I get that this might seem a bit woo woo or magical thinking, about the caterpillar guidance and other energy awareness for instance, but it's a good system, for me, to guide me back to the path I want to be on and to my spiritual centre. I like the idea that everything, every encounter I engage with consciously, is a potential Rorschach test.
I believe the whole world is a series of infinite possible Rorschach tests—potential reflections of myself— when I approach things and phenomena with intentional awareness. For example, when I noticed the caterpillars' repeat visitations, because I sought meaning from what was essentially a generally commonplace occurrence, they reflected back to me insight of my inner world and served as a reminder of my therapeutic and spiritual path. Simply because I actively chose to use the outside world as a mirror for my often just out of reach inner world, not because things or others are inherently meaningful or divine messengers (not that I’ve got evidence for anyhow, but wouldn’t that be a wonderful thing…). The quote “We don't see the world as it is, but as we are”, attributed to Anaïs Nin (however some believe she was paraphrasing Immanuel Kant), speaks a truth that resonates with me. That the mindset I am in, whether by conscious choice or when I’m in automaton or reactive mode, is how I will experience the world…or more accurately, my world. Which is the only world I can truly know.

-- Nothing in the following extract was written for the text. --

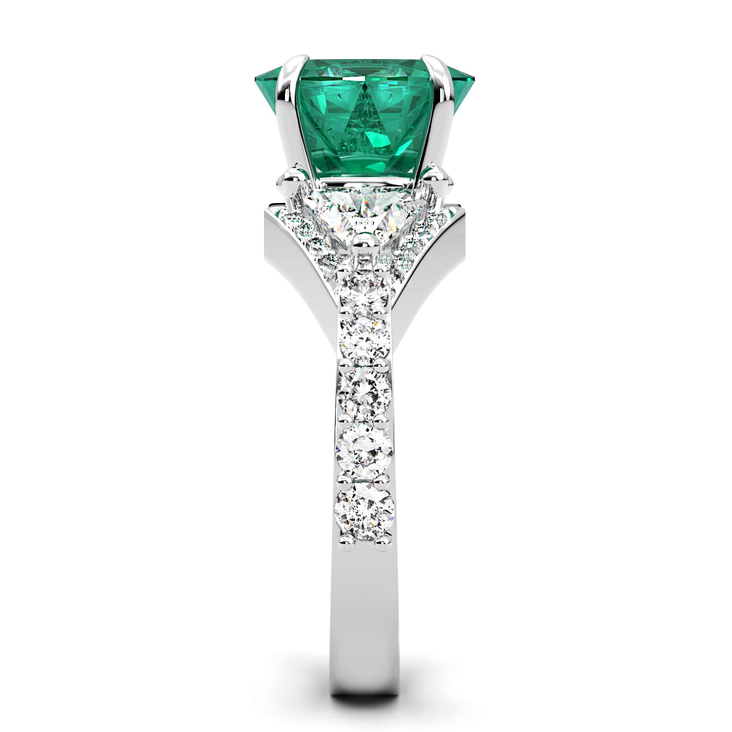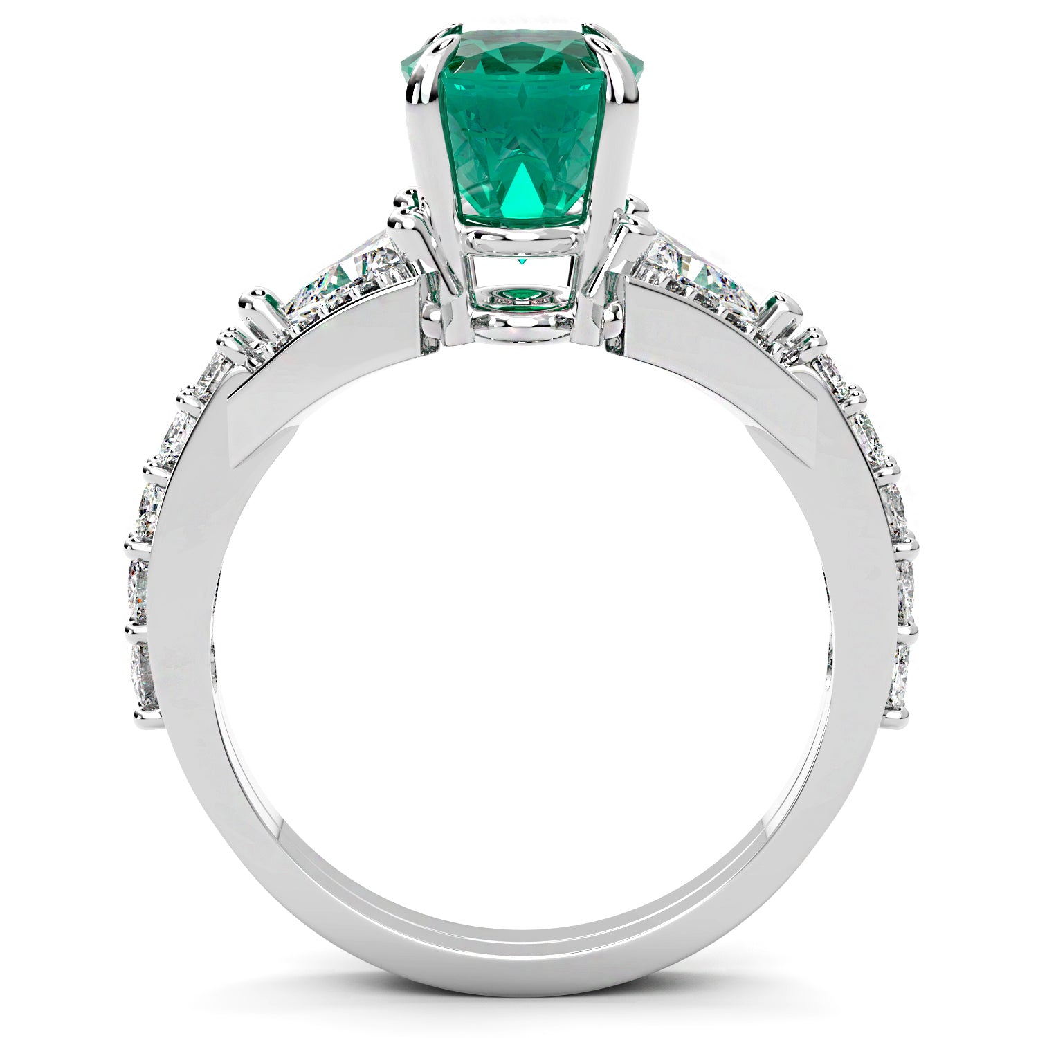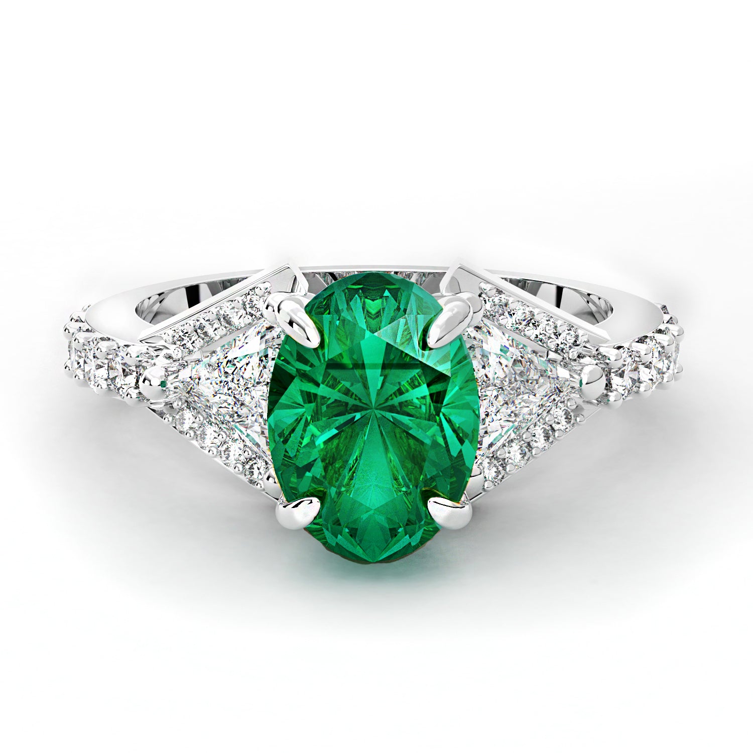 Oval Shaped Zambian Emerald and Diamond Fashion Ring with Trillion Diamond Accents

I alone as an adult am responsible for my experience of the world, ultimately. This is also a mantra of mine. Of course, it’s not always easy to do or is even possible. But it is an idealised path I want to continue to be redirected to, to journey on, to return to...again and again and again. It often takes strange and sometimes convoluted paths for me to get to the places I need to be, that are hinted at when I am spiritually engaged with myself. Sometimes they require me to visit other lands, other influences, other perspectives, other mindsets. And I need to continually monitor and be conscious of what I am allowing to influence and shape my mind, the most important resource I have and the mediator of my state of being and reality.